Next, to quantify the effect of size-congruence on recognition accuracy, we calculated a size facilitation index for each patient by subtracting % correct on IS trials from C trials, separately for each viewing condition (Figure 3C). The individual facilitation indices do not lend themselves to statistical analysis.

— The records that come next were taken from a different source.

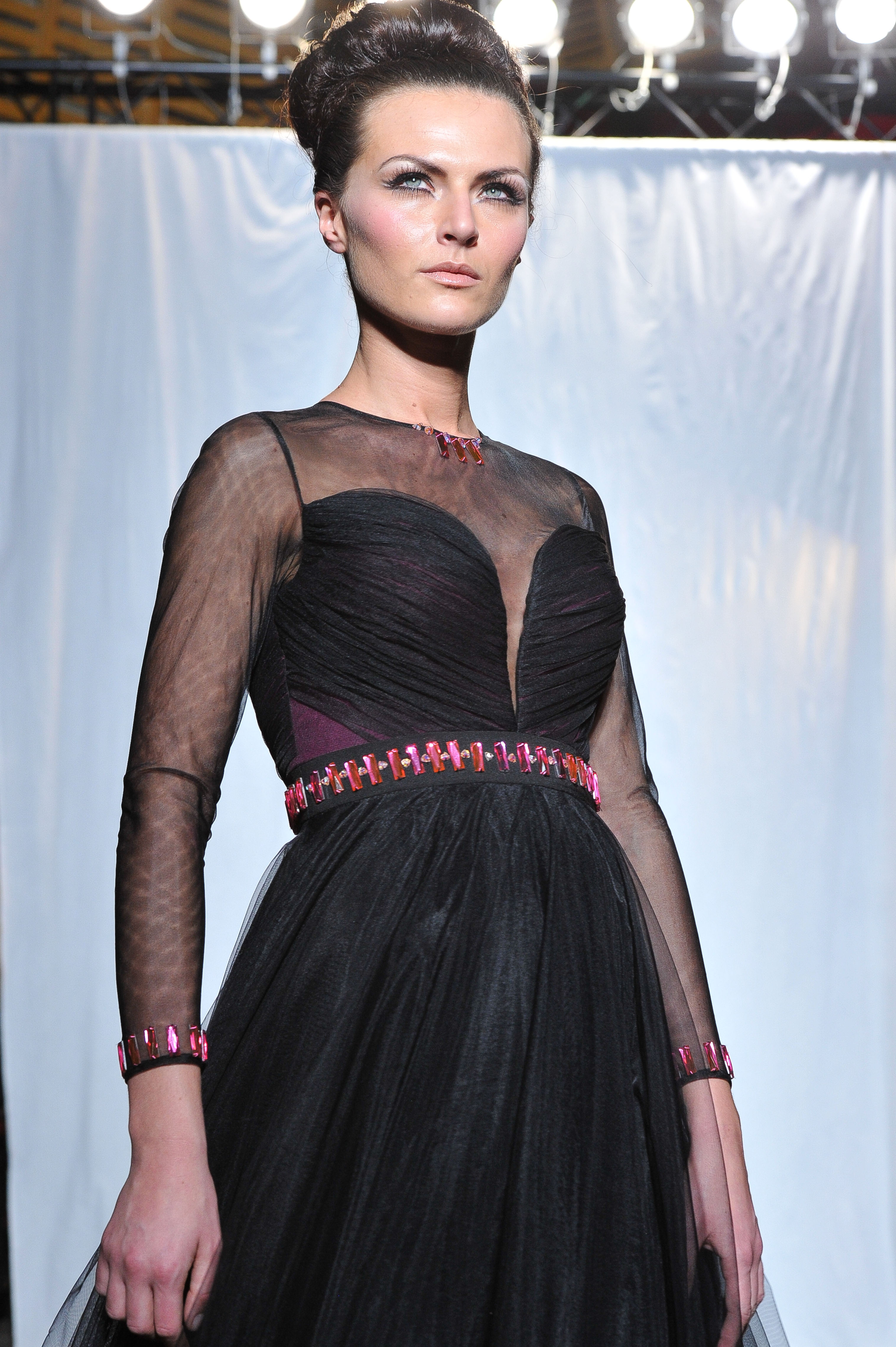 Maxi robe en tulle noir au buste fendu. Black maxi dress with sheer plunging neckline. Lucie.
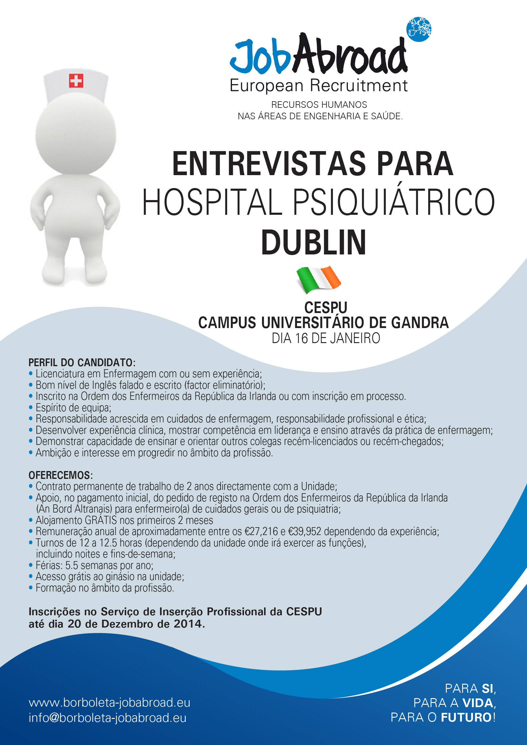 A JobAbroad com a colaboração do Serviço de Inserção Profissional do Departamento de Apoio ao estudante da CESPU, CRL, organizou um evento para recrutamento de profissionais de enfermagem para um Hospital Psiquiátrico situado na República da Irlanda.
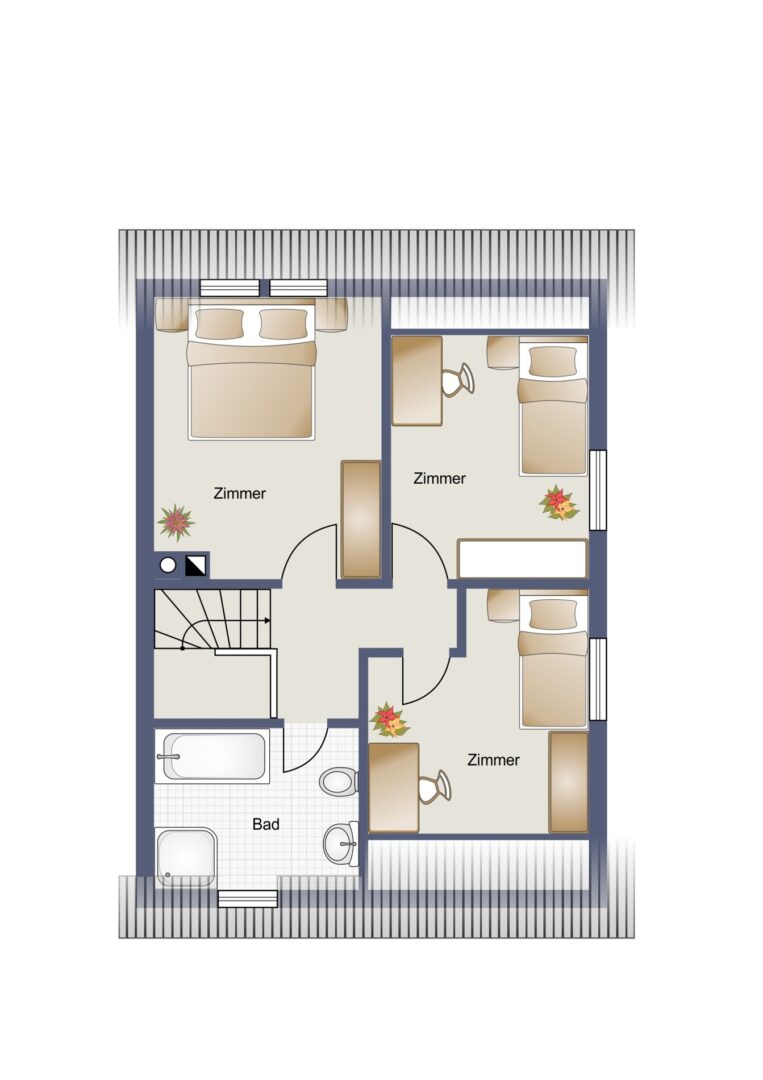 Im Dachgeschoss befinden sich drei gut geschnittene Schlafzimmer, die flexibel genutzt werden können – beispielsweise als Kinder-, Gäste- oder Arbeitszimmer. Das Badezimmer verfügt über eine Dusche und Badewanne und bietet damit sowohl Komfort als auch Entspannung. Der Spitzboden bietet zudem weiteres Ausbaupotenzial.
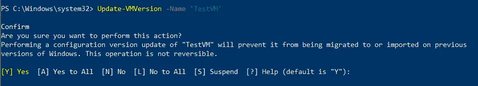 After running the Hyper-V PowerShell command, the VM named TestVM can be updated to the current VM version.
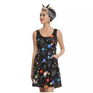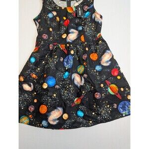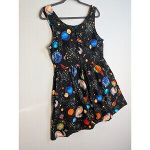 Retrolicious Black Fit & Flare Space Print Sleeveless Dress L Planets Galaxies
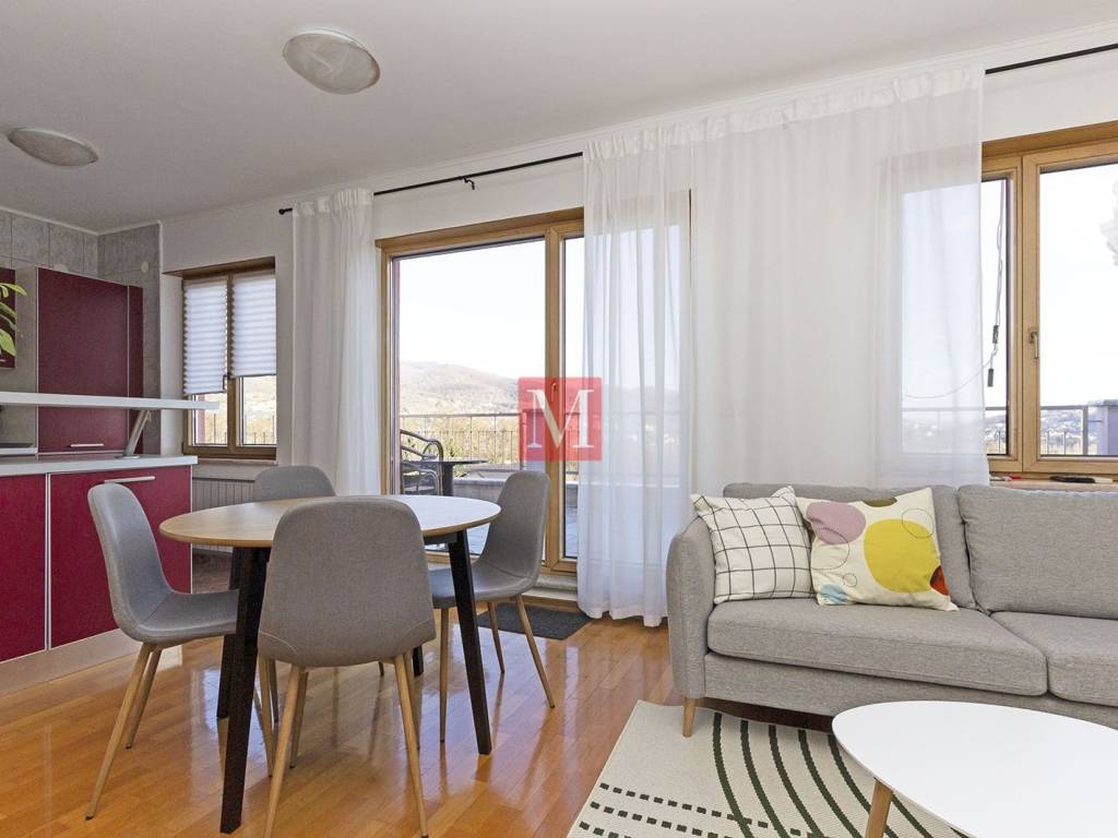 It consists of an entrance hall, an open space kitchen with a living room that leads to a large terrace with a panoramic view, 2 bedrooms, 1 bathroom and a guest toilet.
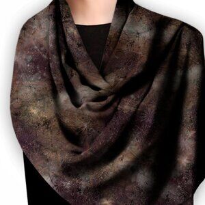 The large 36″ square lends enchanted versatility and signature style with multitudes of fashionable options such as a light over-the-shoulder wrap, head dress or neck wrap. 100% silk (105g/m2, 12 momme), with luxurious, silky feel and ultra flowing effect. Black baby-lock, machine rolled, finished hem. High shine surface with matte underside High drapability with a liquid feel Original art by deb schlier. Silk Charmeuse provides vibrant color and strong care durability. Extra lightweight and super soft, ideal for scarves with its graceful drape and satin hand feel. Silk Charmeuse is a favorite choice for scarves and offers exquisite softness and a relaxed drape. Because it’s made from ultra-fine naturally derived fibers, it breathes well and is especially comfortable during hot weather. This fabric has a 50% print “bleed-through” visible on the backside. Care: Dry cleaning is recommended but can be hand washed separately in cold water. Do not wring or twist. Add a mild softener to restore softness during wash cycle if needed. Hang dry is best. If desired, use a medium iron with the printed side down Each item is individually stitched and hand-finished. A completely UNIQUE artisan signature item that hasn’t been mass produced or distributed.

Critically, however, parametric contrasts of the average facilitation indices for D.F. and J.W. for real objects vs. 2-D images (viewed with binocular fixed head position) confirmed that size-congruence facilitated recognition of real objects (t(1)= 14.101, p=0.045, d=28.202), but not 2-D images (t(1) = 3.728, p=0.167, d=7.456), and that the index for real objects was significantly greater than 2-D images (t(1)=13.518, p=0.047, d=4.31).
3.1.2. Naming Errors
Next, we examined the types of errors that the patients produced when objects were misidentified (Figure 3D). For example, a clothespeg might be misidentified as another small object (i.e., a fork), or a large object (i.e., a dresser). If the patients are more sensitive to the identity of objects whose physical size is appropriate, then they should produce a higher proportion of Small (versus Large) Error responses for C than for IS stimuli for which error type should be of equal likelihood (i.e., indicative of guessing). Accordingly, both patients were more likely overall to produce Small Errors for C objects (D.F., probability of Small Errors=0.97, Large Errors=0.03, J.W., probability of Small Errors=0.87, Large Errors=0.13), whereas for IS objects they were equally likely to produce Small and Large Errors (D.F., probability of Small Errors=0.58, Large Errors=0.42; J.W., probability of Small Errors=0.45, Large Errors=0.55), reflecting a statistically significant difference in error proportions (D.F., 0.39 (χ2=101.948, p<0.001); J.W., 0.42 (χ2=53.178, p<0.000)). Similar differences in the proportion of Small versus Large Errors for C vs. IS stimuli were apparent in each viewing condition (all p-values <0.001), suggesting that patients are sensitive to size cues for recognition and are constrained in the error responses accordingly.
3.2. Recognition of Size-Congruent (C) vs. Size-Incongruent Small (IS) and Large (IL) Objects
For Experiment 2, the same objects were presented in each condition, thereby ruling out explanations based on familiarity or feature compression (Figure 2B). To do this, we 3-D scanned and 3-D-printed each exemplar in three different sizes: 50% of real-world size (incongruent small; IS), equal to (100%) real-world size (congruent; C), or larger objects that were 150% of their real-world size (incongruent large; IL). Each exemplar therefore served as its own control for object-related effects, such as familiarity. If real-world size is important for recognition, then incongruence costs in the patients’ performance should be apparent for objects that are physically smaller or larger than their typical size (and size effects should be reduced for images).
3.2.1. Naming Accuracy
As in Experiment 1, there were striking format-dependent effects of Size on recognition in both patients (Figure 4A). For patient D.F. (who viewed 21 different exemplars), although overall performance was comparable for both the real object and image displays (26.7% correct, Cochran’s Q=0.00, p=1.00), for real objects, recognition was significantly better for C versus both IS and IL stimuli (IS: p=0.025, IL: p=0.014, Wilcoxon), whereas for 2-D images, there was no difference in recognition for C versus IS and IL stimuli (IS: p=.059; IL: p=0.257, Wilcoxon). For J.W., who viewed more than three times as many exemplars as D.F. (n=70), the effects of display format and size were even more pronounced. Overall, J.W. was better at recognizing real objects (12.86% correct) compared to 2-D images (5.71% correct, Cochran’s Q (1) =9.783, p=0.002; a strong ROA). Similar to D.F., for real objects, J.W.’s recognition performance was significantly better for C versus both IS and IL stimuli (IS: p=0.021; IL: p=0.008, Wilcoxon), whereas for 2-D images, recognition was equally poor for C versus IS and IL stimuli (IS: p=0.655; IL: p=0.317, Wilcoxon).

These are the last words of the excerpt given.